Create a snapshot from images from Amazon Elastic Container Registry.

Daytona pulls private ECR images via cross-account IAM role assumption. You create a role in your AWS account that trusts Daytona’s broker principal, and Daytona assumes it on every pull to fetch a short-lived ECR token.

  • Daytona Broker ARN

    The IAM principal Daytona uses to assume into your role. Self-hosted: substitute the IAM role your API pods assume (e.g. via IRSA).

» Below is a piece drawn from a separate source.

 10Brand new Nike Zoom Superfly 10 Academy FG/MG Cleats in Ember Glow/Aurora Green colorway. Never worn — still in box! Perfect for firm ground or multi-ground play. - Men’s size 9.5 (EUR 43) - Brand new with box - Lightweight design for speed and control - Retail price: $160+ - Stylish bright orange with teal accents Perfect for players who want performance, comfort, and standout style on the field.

    arn:aws:iam::967657494466:role/DaytonaEcrCredentialBroker

  • External ID

    Your Daytona organization ID, visible in the dashboard URL (/dashboard/<orgId>/...) and on your organization settings page.

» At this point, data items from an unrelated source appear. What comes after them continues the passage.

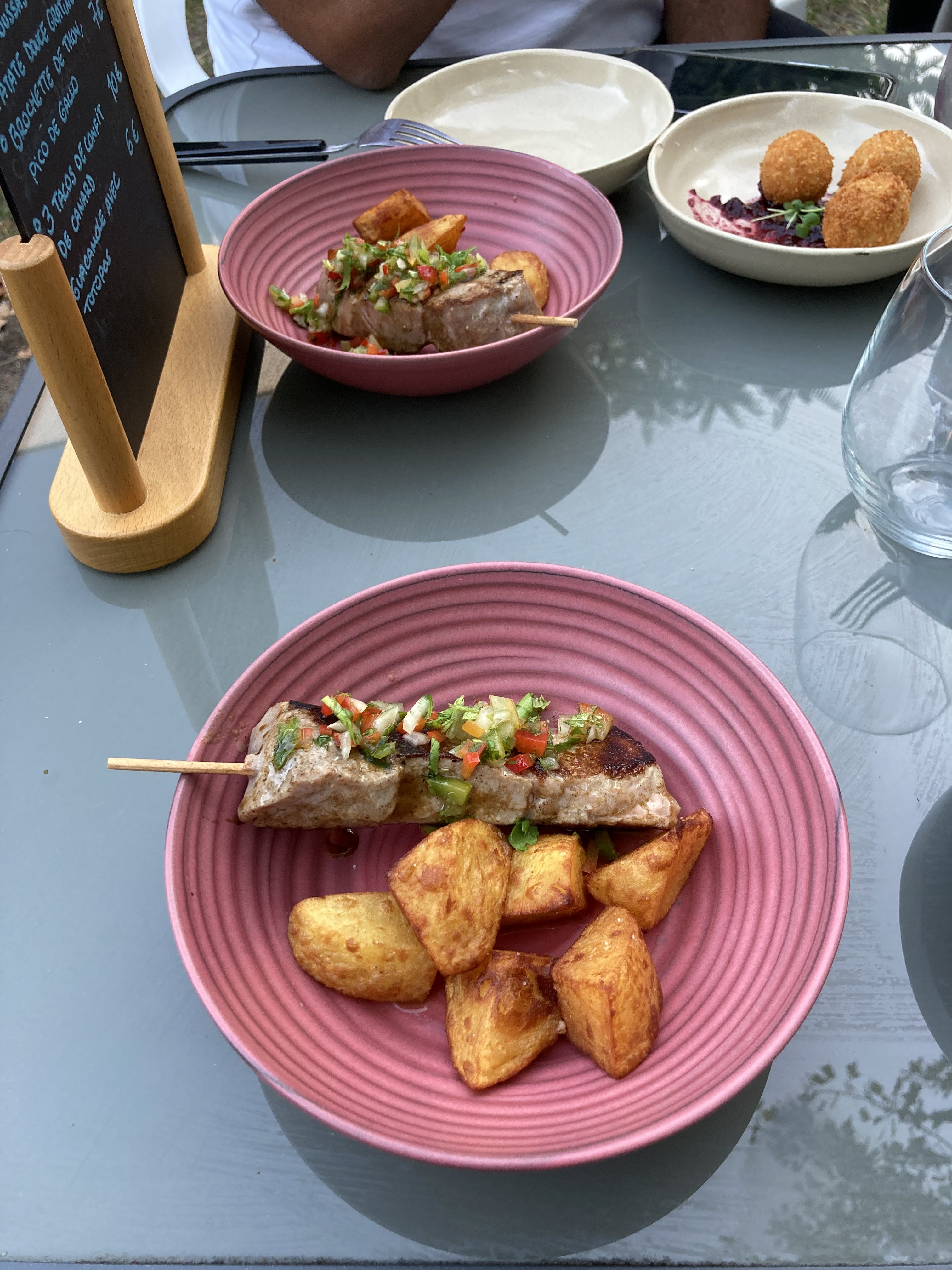 Super endroit ! Soirée stand up du jeudi 31 août avec de superbes plats à partager ! La brochette de thon 🤌🏻🤌🏻🤌🏻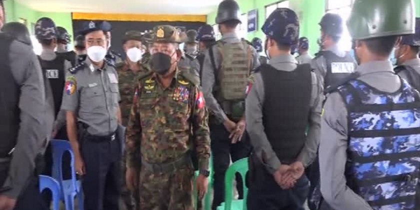 Member of the State Administration Council [SAC] Union Minister for Home Affairs Lt-Gen Soe Htut met with members of security forces and the police force and their family members as well as departmental personnel.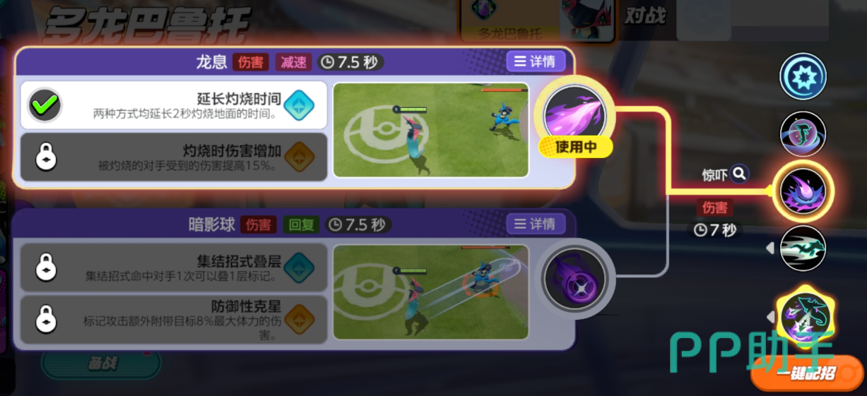 可以看得出多龙巴鲁托的输出结构中普攻占比是较多的,攒被动能量是它的核心机制,虽然普攻占比多,但它并不是那种可以站撸的射手类宝可梦,要灵活利用2技能的龙之舞来调整身位。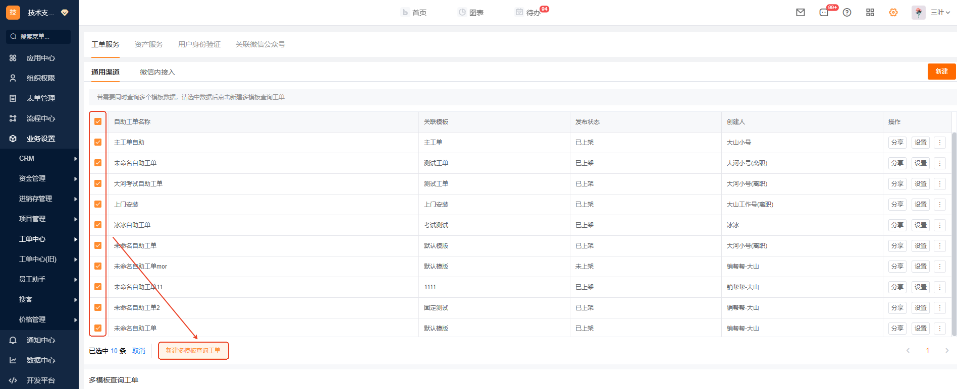 功能说明:批量选择后,点击 新建多模版查询工单”,允许终端用户在一个接内查询多工单模版最多允许选择5个客户自助工单模,且同个工单模版下仅允许选中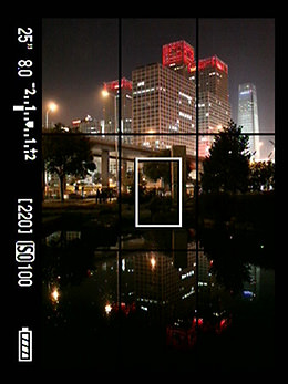 On the EOS 5D Mark II, a Live View shooting button can be found at the bottom left of the viewfinder on the rear face of the camera. Press this button to start Live View shooting. As the mirror is always flipped up during Live View shooting (except during Quick AF), there is minimal mirror shock when you release the shutter. This is also perfect for capturing night photos at a slow shutter speed, where camera shake is likely to occur.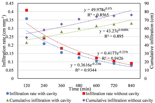 Figure 5 demonstrates the observed infiltration rates and cumulative infiltrations in both soil columns with and without applying cavity. Obviously the soil column with cavity showed lower infiltration rate than which of without cavity. After the WFs reached 42 and 49 cm depths of soil columns with and without loess cavity, respectively, the infiltration rates of both columns decreased promptly from the maximum value of 0.358 to 0.208 cm×min−1 for soil column with cavity and 0.408 to 0.241 cm×min−1 for soil column without cavity after one hour of starting the experiment and they kept decreasing gradually after experiment have done 8 hours. These stages kept continuous until the end. The measured total cumulative infiltrations were 66 and 76 cm for soil column with and without cavity, respectively. This means more water has been held up and stored in caving layer. As the evident of Figure 9, the both cumulative infiltrations increased steadily through the whole infiltration process until finishing experiment. This can be stated as a linear function of times at the later infiltration stage.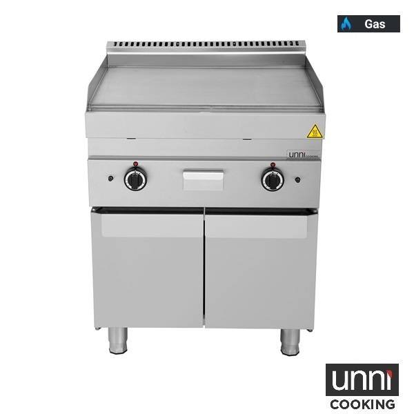 The 650 SERIES griddle by UNNI-COOKING delivers top performance in any professional kitchen. Its durable stainless steel design ensures longevity and easy cleaning, while the smooth cooking surface is perfect for everything from chicken skewers to vegetable platters. A high-quality tubular burner provides even heat distribution, eliminating cold spots for consistent results. The integrated drip tray and drain outlet allow for quick, hygienic grease removal. Plus, the built-in thermocouple safety device ensures secure operation. Choose the 650 SERIES for reliability, durability, and exceptional cooking results—every time!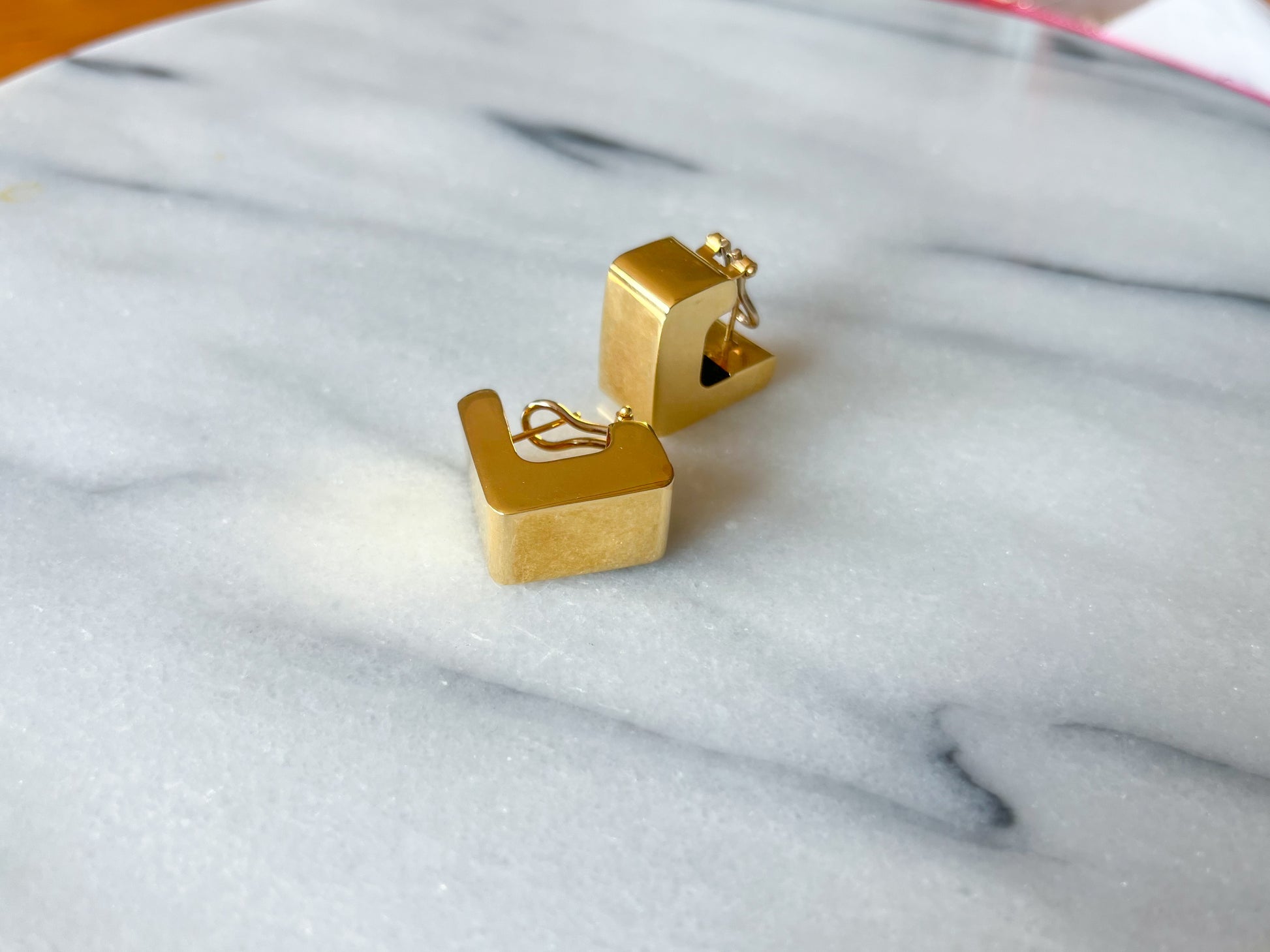 Vintage Chunky Squared 14k Yellow Gold Earrings

  1. Create an IAM role in your AWS account

    • Trust policy
    {
    "Version": "2012-10-17",
    "Statement": [{
    "Effect": "Allow",
    "Principal": { "AWS": "arn:aws:iam::967657494466:role/DaytonaEcrCredentialBroker" },
    "Action": "sts:AssumeRole",
    "Condition": {
    "StringEquals": {
    "sts:ExternalId": "<YOUR_EXTERNAL_ID>"
    }
    }
    }]
    }
    • Permissions policy (read-only on ECR)
    {
    "Version": "2012-10-17",
    "Statement": [{
    "Effect": "Allow",
    "Action": [
    "ecr:GetAuthorizationToken",
    "ecr:BatchCheckLayerAvailability",
    "ecr:GetDownloadUrlForLayer",
    "ecr:BatchGetImage"
    ],
    "Resource": "*"
    }]
    }
  2. Go to Daytona Registries ↗

  3. Click Add Registry and select the Amazon ECR tab

  4. Input the following fields:

    • Registry URL: <account_id>.dkr.ecr.<region>.amazonaws.com
    • Role ARN: the role you created in step 1

    Password is not used for ECR. Daytona resolves credentials server-side by assuming the role you created in step 1, using your organization ID as the AssumeRole ExternalId.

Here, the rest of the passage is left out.